Tuesday I took up reconsidering the simplest climate model. This time, I'm trying to get rid of the annoying bit of having to know the planet's albedo (reflectivity) in order to find its temperature. Instead, to have some fundamental relationship between temperature and albedo, so that everything in the model is either a fundamental constant (the Stefan-Boltzmann constant), or a fundamental principle (black body radiation, this new albedo-temperature relationship). No great surprise that some readers have already caught on to some of the issues I wanted to talk about.
One, which I'll continue to defer for now, is the fact Arthur mentioned that what this model works with is the earth's blackbody temperature -- its temperature as seen by how much energy it releases to space -- rather than surface temperature. Since we all live somewhere towards the surface, surface temperature is the more interesting number. What the difference between what the model can give us and what we're truly interested in does is to suggest that an important theoretical issue is to develop an understanding of how planetary blackbody temperature relates to surface temperature. Or (scarier) to see if it does relate in any consistent way. But heads up that such a discussion will be coming. Finding these issues, and seeing why they're important, is one of the purposes of the ultra simple models like this.

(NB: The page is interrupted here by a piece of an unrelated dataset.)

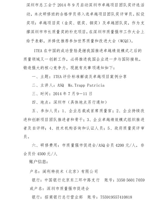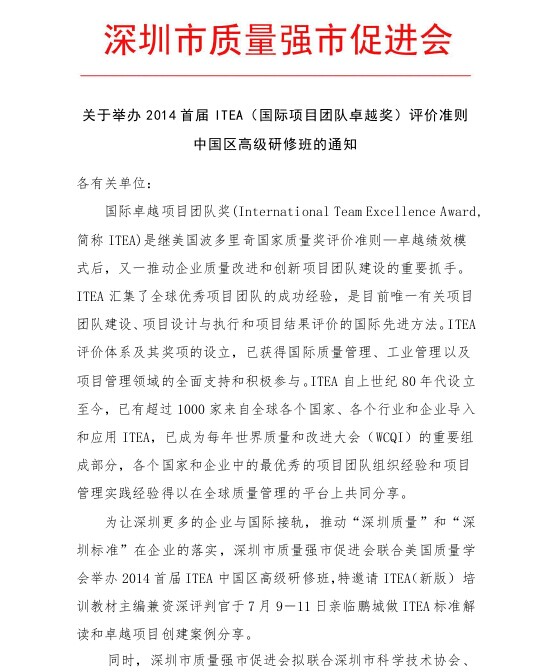 关于举办2014首届ITEA(国际项目团队卓越奖)评价准则中国区高级研修班的通知

More issues were brought up by Nick Barnes, who also provides Python code for running your own version (see his first comment for that link). I hope you've spent some time with either the spreadsheet or Nick's Python (use a 2.7 set-up, per Nick's comment on Tuesday) or do so now, as you read this post, and some more as you decide whether and how it makes sense. The spreadsheet is in OpenOffice format (.ods) but I've opened that with MS Excel previously. If you can't, please let me know.
Now, in saying 'issues', I don't mean that there's any terrible comment being made. Rather, it is the truth that even very simple models like this one have some subtleties that you should explore before drawing your conclusions about nature. I'll take up the more physical side of interpretation next, but first let's take a look at some of the technical issues.